Posted: Thu Nov 28, 2013 10:46 pm
by bubbl
duberry wrote:
bubbl wrote:oh, captain obvious, what're you doing here then, breaking your own advice? isn't it ironic? :twisted:
a) Calulated risk
b) Im unconcerned about the insecurity
c) I see FEAR used as tool to create new market & im not intresed in that :shock:

Image
and more and more people will ask questions like:
just wondering how you went about setting up your static ip and external ip? did you use noip.com? i want to try and use noip.com so i can access my rpi externally. ive searched around but havent had too much success. thanks

Re: Security section/subsection

Posted: Thu Nov 28, 2013 10:47 pm
by Heater
duberry,

OK, Perhaps Orchid care was not the best example. But I thought it conveyed the point as well as any.

Re: Security section/subsection

Posted: Thu Nov 28, 2013 10:56 pm
by duberry
@"Heater"
:P I-dig ( I overunderstand your example but
The only Enviroment im consearned about the security of is not digital (call me crazy :idea: )

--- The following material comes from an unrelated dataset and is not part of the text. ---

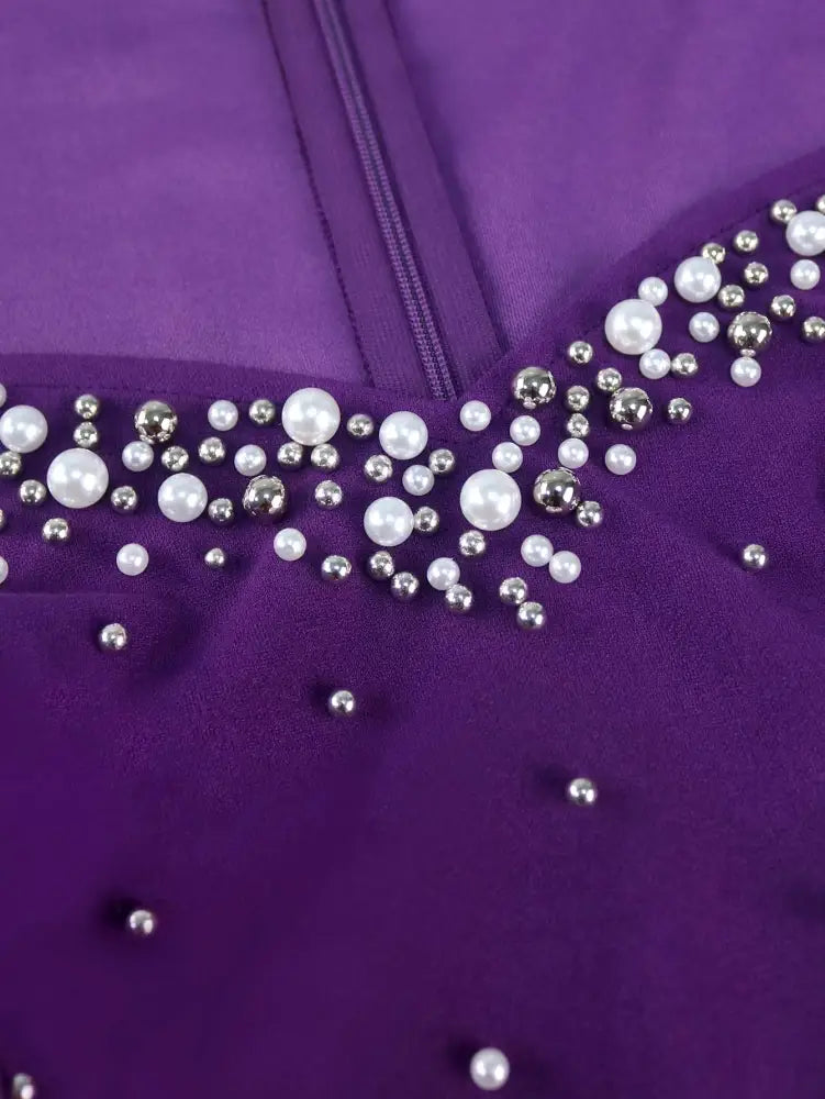AOMEIDRESS Going Out Outfits V Neck Beaded Bodycon Dress Purple
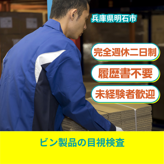 給与詳細 月収例 200,000円 日給例 10,000円 勤務地 兵庫県明石市 仕事内容 ビン製品製造ライン目視検査及び清掃等の付随業務

Re: Security section/subsection

Posted: Thu Nov 28, 2013 11:08 pm
by Joe Schmoe
Cold hard fact is that the next generation doesn't give a whit about security.

Smartphones/Androids/tablets/etc are all based on a no-security model. You are owned by every single app maker whose app you've installed. It seems to work OK for most people.

Also, why all this concern about Linux and security? Most of the world runs Windows and again, like with Smartphones, etc - Windows has only rudimentary security. Yet, people use it everyday. They seem to survive.